If you listen to my podcast, and I hope you do because I have adopted a chimpanzee named Bongo that needs to eat, then you know my mission statement is: “85% of the world is stupid, welcome to the 15%.” As I continue on my journey of life I actually believe I may have underestimated that figure as I am constantly confused on a daily basis. Could someone please explain to me some of the following observations and questions that hound me?
- Why is there a man dressed in a cowboy outfit on my TV that wants to send me a lubed catheter for free?
- Why is it an amazing event that you can prepare your own food? I do it on a daily basis but I have never felt the urge to take a picture of it and post it on Facebook?

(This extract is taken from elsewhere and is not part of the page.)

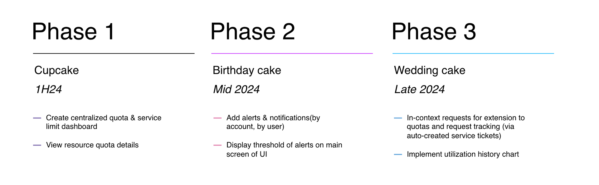 We designed visually distinct tiles for the resource categories and highlighted severe quota numbers. These tiles serve as the primary interface for risk triage, helping users quickly identify, select, and drill down to the specific resources that may require a quota increase request.

- When people say “Back in the day” are they referring to a particular day of the week? A certain decade? I like to think of prehistoric times when man discovered fire and the wheel.
- Why do I look at people that buy lottery tickets and think they don’t “shave down there?”
- Why do car dealers insist on shouting in their commercials yet when you go to their showroom to buy a car they speak at a normal sound level?
- George Washington and Abraham Lincoln were great leaders and icons in our nation’s history but I’m sure they would wonder why we celebrate their birthdays by lowering prices on mattresses.
- Why do atheists say “Bless you” after you sneeze?
- Why does every guy behind the counter at a tire store always have a toothpick in his mouth?
- Does the person in front of me that has twenty six items in their shopping cart at the grocery store’s express lane realize I’m thinking they are a jackass?
- When I go to the dentist does he realize that I am looking to see if he trims his nose hairs?
These are just some of the questions that roar through my mind and perhaps the reason why I need to take pills on a daily basis and never expect to find a Mensa member at the bus station.